More than one-third of Long Island residents would trade their single-family home for an apartment, condo or townhouse, according to the Long Island Index released this week by the Rauch Foundation. The 80-page report examines economic, population, housing, environmental, and other trends in Nassau and Suffolk counties, and finds that Long Island’s dependence on traditional suburban development patterns can be blamed for many of the region’s most pressing problems, particularly a 35 percent decline in residents aged 25-to-34 years between 1990 and 2006.
Long Island’s housing stock includes relatively few apartments and townhouses, and much of it is out of reach for lower and middle income families. Close to 2 in 5 households spend more than half of their income on rent or mortgage payments, and nearly 90 percent of Index respondents cite a lack of affordable housing as a “serious” or “very serious” problem. According to an analysis of Census data presented in the report, Long Island home prices more than doubled from 2000 to 2006, but inflation-adjusted incomes remained stagnant.
Eighty-five percent of Long Islanders currently live in single family homes, more than in other NYC suburbs. But housing prices and demographic changes are creating a strong demand for an alternative. Seniors and empty-nesters favor homes that are “close to downtown” and require “minimal home maintenance,” according to the Index. Clearly, perceived public resistance to higher-density downtown development has been overstated (see graph above).
With developable open space on Long Island quickly disappearing, the Index concludes that it just makes sense to increase housing and mixed-use development in the more than 100 downtowns in Nassau and Suffolk. With incentives to encourage higher density development, municipal zoning regulations that require new developments to include affordable housing, and local leaders willing to embrace transit-oriented development, more than half of Long Island’s long-term housing needs could be met in the region’s downtowns, according to the Index.
The report also examined transportation trends and found significant increases in “reverse commute” and Intra-Island trips by transit due to an expanding Long Island job market, even as overall LIRR ridership fell post-9/11. This finding lends strong support to the development of the Third Track project, an initiative strongly advocated for by a Tri-State-led coalition of labor, environmental, business and civic groups on Long Island. Also notable was a large increase in bus ridership across Long Island’s three bus systems, making the case that the historically neglected systems need greater support.
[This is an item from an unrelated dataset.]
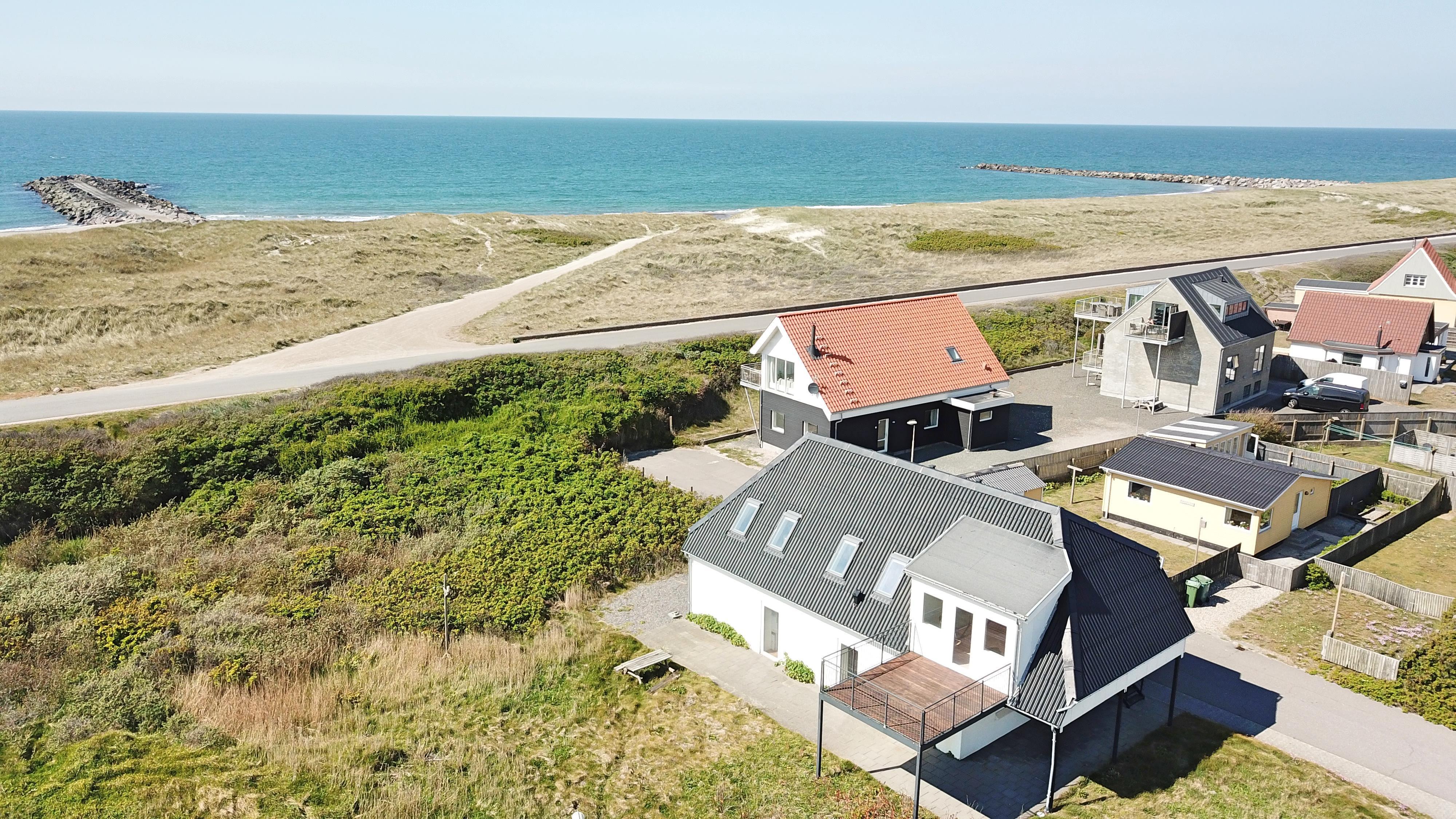 Stor, velbeliggende bygning med 4 lejligheder (2 på 2 sal og 2 i stueplan). Lejlighederne har gratis W-LAN med begrænset og lav adgang og ligger kun 50m fra de høje klitter direkte ved Vesterhavet.

Long Island elected officials commended the report and its findings at a release earlier this week. But 4 years after the first Long Island Index was released, there is still no coordinated effort to forge policies that address the problems it identified. Nassau County Executive Tom Suozzi has pushed the Nassau Hub as the centerpiece of a “New Suburbia” concept centered around transit-accessible, walkable, dense downtowns, but the county has said little in regards to new transit service required to support the project. (Nassau County has not helped its case by continuing to hold its contribution to Long Island Bus funding below 1999 levels [see MTR # 564].)
Several local communities are working to regrow their downtowns, as was evident at last year’s Vision Long Island Smart Growth Summit, but just as many continue to approve big-box projects which encourage driving, and NYSDOT’s Region 10 office abets them with reflexive road-widening projects. An MTA transit village program or an embrace of smart growth concepts by NYSDOT Region 10 would add state support to the smart growth momentum which exists at the local and county levels, and help fix some of the Island’s most pressing issues.
Great chart – reminds me of the Onion story from a few years ago – “Americans support more use of mass transit – by other people.”